Err!!Damage was 13k.
It was a typo!!Costed became coated!!
Bought it locally from kolkata.
Actually planned for M50,got one for brief audition....somehow did not like it.
The SM3 and IE7 was much better than it for my kind of music.

Someone from TE suggested the hd25...luckily I was in Shilong at that time and a local musician had it..tried it...loved it...bought it from Kolkata.

I am no audiophile but I do not like the typical veiled signature of Sennheiser(like the ie7 over ie8)
HD25 sort of gave me the same feeling.
The bass is still a tad too heavy for my likings.
The treble is sparkling(but not as much as Grados,which I hate like anything)
The mid...I am still confused,sometime it is veiled,sometimes very forword but ZERO sibilance(which is amazing)

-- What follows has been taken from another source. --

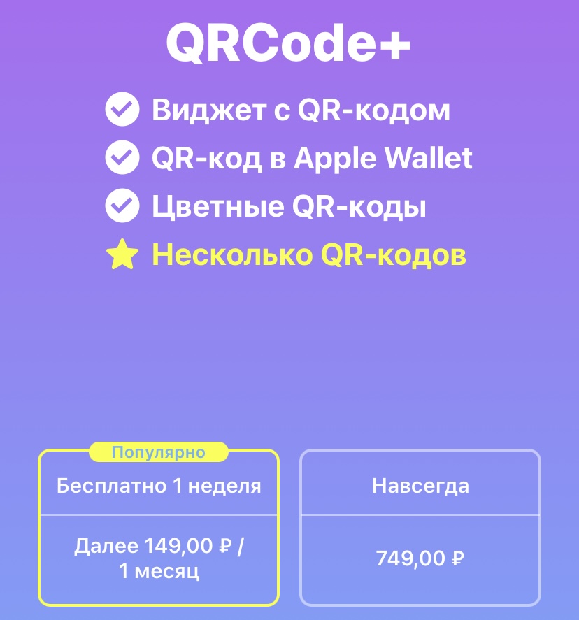 Мобильное приложение, которое доступно только для пользователей iOS. Приложение имеет простой интерфейс и достаточно понятное даже для новичка. Его суть в том, что QR код хранится на главном экране в виде виджета. Больше не нужно открывать разные приложения, чтобы предоставить код для сканирования. Достаточно просто разблокировать экран, на котором уже будет представлен виджет QR кода.

It has become my daily driver after I lost the IE7 and manage to break the left driver of the super expensive SM3.

My advice regarding M50 would be
Do not buy it if you are into
1.classical music.
2.post rock.
3.Hate bass like me.
4.Audiophile and looking for something balanced.

For anything else it must be perfect.
Trance lovers do swear by it.
It is no way balanced,has a very narrow soundstage but at the sametime very fun sounding.
Not at all dry or analytical but extremely musical.

I have not heard X10 but iems like SM3 or IE8 are lot more acurate and airy with much larger soundstage than M50(but they cost more than double also!!)


----------



## aniket.cain (Jan 19, 2012)

Sarath said:


> That helped clear some air. As an owner of both the IEMs I wished for I want to ask you this.
> 
> Will I be content with the M35 after using the X10 or should I jump the ship directly onto the M50?
> 
> Thanks with the amp confusion though. I was too paranoid about it.



Since I have never listened the M35, I can't comment how it fares against M50, but from what I have read, M50 has lower impedance than M35 (38 ohms against 65 ohms), and hence will be more suited to MP3 players and laptops without the need of an amp. M50 has higher sensitivity than M35, and hence should sound better. If you can somehow get your hands on both of them, try them and then buy what you like.


----------



## red dragon (Jan 20, 2012)

For an impedance of 65ohms for a full sized headphone,you will need an amp for it to shine.
Even ultra basic amps will do.


----------